Я вернулся в Нижний Новгород, поправил резюме и начал рассылать его снова. В мире тогда как раз происходил грандиозный переворот. На протяжении 5 лет лучшим рестораном мира был El Bulli. Оттуда мне ответили — и параллельно ответил Noma, который был на третьем месте. Ну, думаю, El Bulli-то на первом. Но тогда еще надо учить испанский. Лучше я просто английский подтяну, решил я, и подтвердил стажировку в Noma. И тут как раз происходит очередное награждение — и Noma смещает El Bulli, выходит на первое место. Я еду в лучший ресторан мира — и при этом я первый русский у них на стажировке.
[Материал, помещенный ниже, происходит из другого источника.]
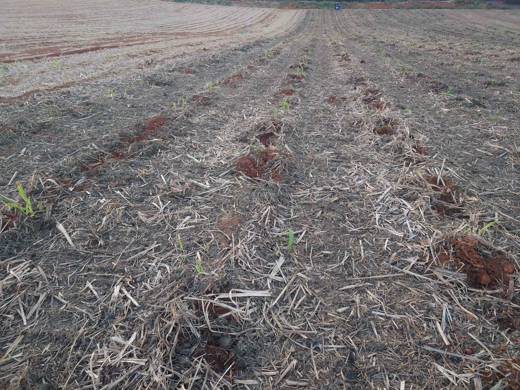 この畑にサトウキビの補植です。
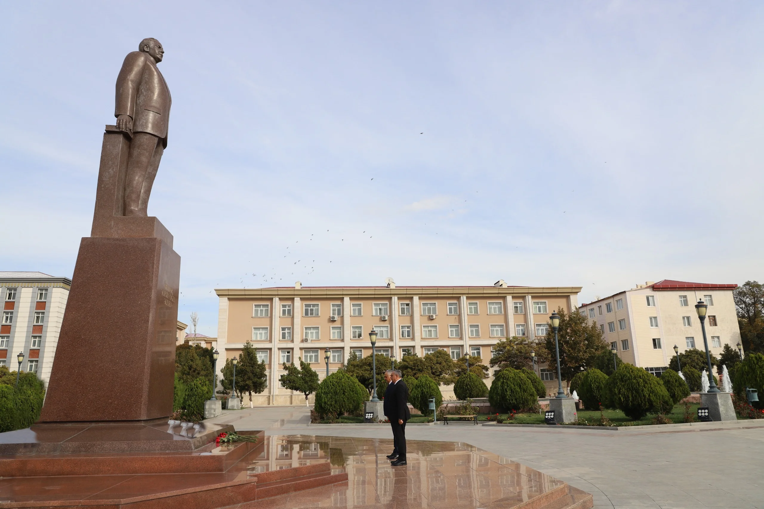 Qəbuldan əvvəl ümummilli lider Heydər Əliyevin abidəsi ziyarət edilərək önünə gül dəstəsi qoyulub, əziz xatirəsi ehtiramla yad edilib.
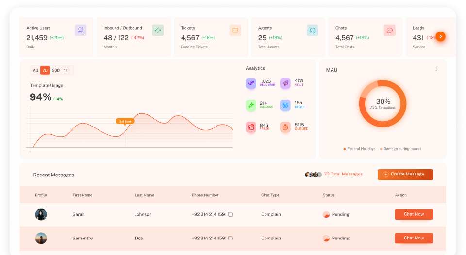 Manage WhatsApp, Instagram, Messenger, SMS, and Voice from one platform.
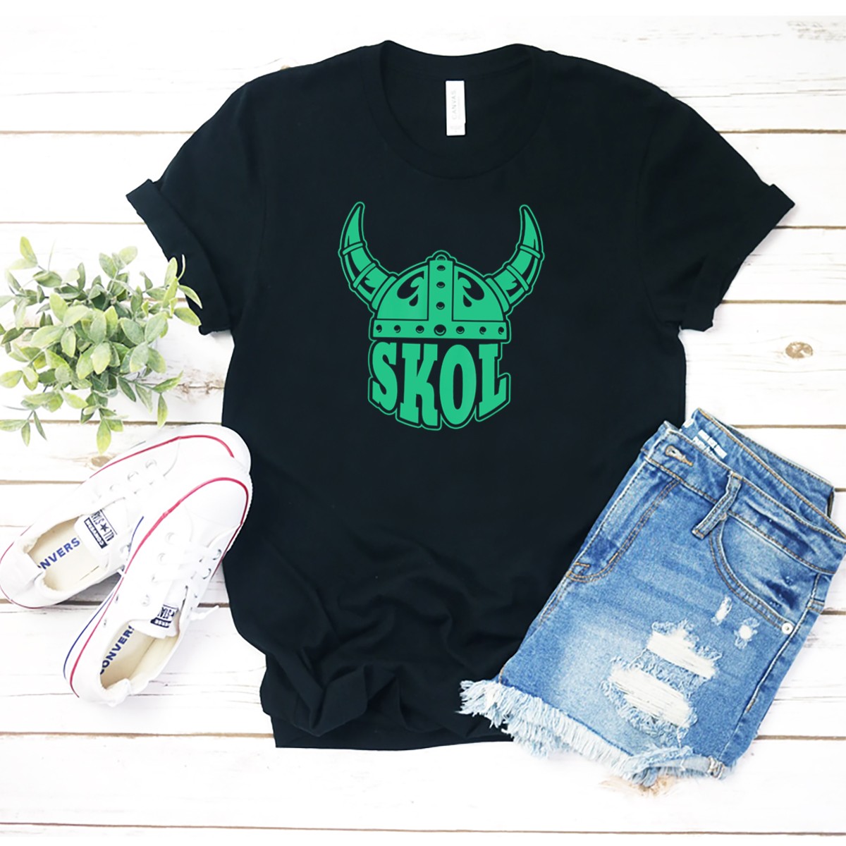 Celebrate your inner warrior with our Skol Viking Helmet Nordic Symbols T-Shirt! This fan-made design is perfect for history buffs and Viking enthusiasts alike. Whether you’re attending a themed event, enjoying a casual day out, or just embracing your love for Norse mythology, this shirt is a fantastic addition to your wardrobe. Printed in the USA, it combines a striking design with comfort and durability, making it a unique statement piece for every occasion.
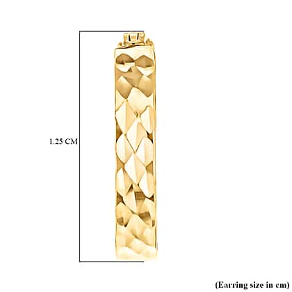9K Yellow Gold Tube Diamond Cut Creole Hoop Earrings 1.1 grams

Это был совершенно другой подход. Мы ездили в одну местность собирать одни ягоды, травы, в другую — собирать другие ягоды. Тогда, например, я узнал, что такое каперсы из черемши. Мы собирали их в лесу, а потом солили.
Это еще был не тот Noma, который сейчас, а старое здание с дырками в полу, с кривыми противнями. Все люди там прямо «горели». Ты приходишь утром, начинаешь перебирать кучу трав, сортировать, выбирать листочков столько, сколько нужно. Потом обеденный сервис. Кого-то из стажеров отбирали вниз на сервисную кухню помогать. В Noma блюда выносят повара, рассказывают что-то. А тогда приезжали русские ребята как гости — и я им выносил и рассказывал. Каждый день в Noma мы проходили по листу гостей. Всю эту систему я посмотрел: как делают брифинги, для чего это делается. Потом в Нижнем Новгороде я все сделал по такой же системе.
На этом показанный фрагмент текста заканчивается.